- Texts: Mahabharata, Puranas

Genealogy
- Parents: Saṅkṛti (father);
- Siblings: Guruvirya/Gaurvitti
- Dynasty: Chandravamsha

= Rantideva =

King in Hinduism

Rantideva (रन्तिदेवः) is a king of the Lunar dynasty in Hinduism. Described to be benevolent, he is stated to have achieved moksha (liberation) from Vishnu when the Trimurti tested his faith. A descendant of Bharata, he is described as a generous king in Hindu literature.

== Legends ==

=== Origin of the river Charmanvati ===
As Rantideva was a faithful follower of Vishnu, the king gave away to the Brahmanas his wealth and thus acquired righteous means. The king gave promises and engaged in performance of various sacrifices. Once, a mass of animals were in desire of attaining Svarga (heaven), and came by themselves to attain salvation in the Agnihotra sacrifice. The blood that flowed from the slaughtered cattle formed a river, which came to be known as the Charmanvati (Believed in local tradition to be the Chambal river). This is mentioned in the Drona Parva passage of the Hindu epic Mahabharata.

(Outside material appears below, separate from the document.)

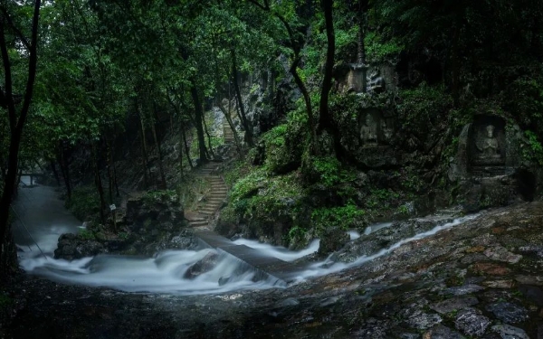 如果说冷泉独特的环境造就了其幽静的审美气象,清冷的特质塑造了其高洁的品格,那么灵隐梵境的呼应也使得其增添了一抹禅趣的味道。冷泉正好处于灵隐寺飞来峰下,它不仅仅是以自然环境的优美取胜,更在于灵隐文化的熏陶。冷泉之美,不仅仅是景美、德美,更在于境界美,因而冷泉也成为历来诗人诗歌中禅趣的象征。其中,宋代诗人赵师秀的《冷泉亭夜坐》、清代定雨的《冷泉亭迟月》以及同代诗人施闰章的《晚坐冷泉亭》是这方面的代表之作。冷泉亭夜坐宋·赵师秀众境碧沉沉,前峰月正临。楼钟晴听响,池水夜观深。清净非人世,虚空见佛心。却寻来处宿,风起古松林。赵师秀(1170—1219年),永嘉(今浙江温州)人,字紫芝,号灵秀,亦称灵芝,

=== Meeting the Trimurti ===
In the Bhagavata Purana, Rantideva is once described to have offered everything he possessed for the needs of others, such that his family became destitute. Forty-eight days passed, and the king did not even have a sip of water to drink. The next morning, he happened to obtain a ghee and milk based dish called samyava. When he was about to partake of the dish, a Brahmana guest arrived at his doorstep. Perceiving the holy man to be a manifestation of Vishnu, he offered the man his share of the dish. When the meal was once again distributed among his family, a Shudra appeared, and the king offered him his share of the meal as well. Subsequently, a hunter with his hounds and a Chandala appeared at the very moment Rantideva was about to consume the dish. He selflessly offered his remaining portion of the dish to the former, and all the water that remained to the latter, declaring that rather than wishing for samsara, he would opt to suffer for the sake of all living beings, so that they may be free of their miseries. Even as Rantideva was dying of thirst, he declared that offering water to the unfortunate Chandala liberated his senses from pain. The Trimurti appeared before the king, and the latter learnt that it had been these deities who had appeared as his guests to test his faith. He bowed before them, and attended completely to Vishnu. He did not seek any boon from them, sustained by the strength of his devotion to his deity.